In Pakistan, inflation is currently skyrocketing, the external sector is under grave stress, currency value is eroding, and recent floods and their fallouts drowned whatever was left of hope. The monetary tightening and curbs on imports posed new challenges for businesses.

The annual inflation rate hiked to 27.3 per cent from 9.5pc last year and 5.8pc in 2018 — the last election year. The net foreign exchange reserves with the State Bank of Pakistan stood at $7.9 billion on 4th November 2022, barely sufficient to finance 40 days of the import bill.

Hard currency is short in supply, and the Pakistani rupee was trading at Rs227.5 last Friday in the open market. It was Rs171 the same week a year back and 134 in the second week of November 2018.

‘The chance of consensus in the current environment is low so most of the hope is centred around handouts’

Prime Minister Shehbaz Sharif projected total losses from floods of over $30bn. To top it all, the lingering political unrest consumes the government’s attention leaving the public and businesses by themselves to face the music.

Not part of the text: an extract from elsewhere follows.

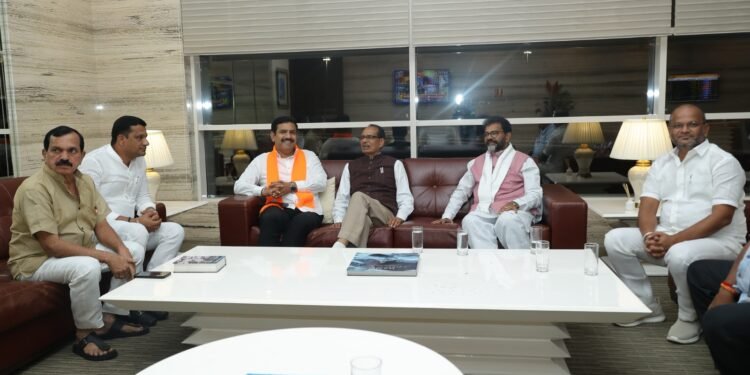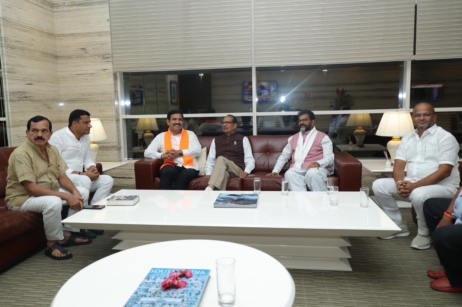 ಖಾಸಗಿ ಕಾರ್ಯಕ್ರಮದ ನಿಮಿತ್ತ ಬೆಂಗಳೂರಿಗೆ ಆಗಮಿಸಿದ ಕೇಂದ್ರ ಸಚಿವ ಶಿವರಾಜ್ ಸಿಂಗ್ ಚೌಹಾಣ್ ಅವರನ್ನು ಬೆಂಗಳೂರು ಅಂತರಾಷ್ಟ್ರೀಯ ವಿಮಾನ ನಿಲ್ದಾಣದಲ್ಲಿ ಬಿಜೆಪಿ ರಾಜ್ಯಾಧ್ಯಕ್ಷ ಬಿ.ವೈ. ವಿಜಯೇಂದ್ರ ಸ್ವಾಗತಿಸಿದರು.

The business elite that detested democracy for the longest time in Pakistan shared their anxieties. But this time, they wanted political solutions within the confines of the constitution, all for the greater good of the country.

The economic meltdown and political uncertainty have hurt them, and they pulled out their usual laundry list of demands but did not spew venom for politicians the way they used to. Despite divergence on factors responsible for landing Pakistan where it finds itself today, not a single business leader suggested direct intervention to set things right and rid the country of ‘dirty-inept-politicians’.

Several top businessmen were approached to get a sense of thinking in their circles on the current dire situation and what they see ahead. Many were reluctant, some opened up only after being assured of keeping the conversation private, but few spoke on the record.

“The situation is disturbing, but there is no chance of a military takeover,” a pro-PML-N businessman who headed an apex body in the past said over the phone. “You can read whatever you like in the silence of usual pro-military suspects. Some people have desired it, but they also privately moan about military hegemony in certain business sectors,” he noted.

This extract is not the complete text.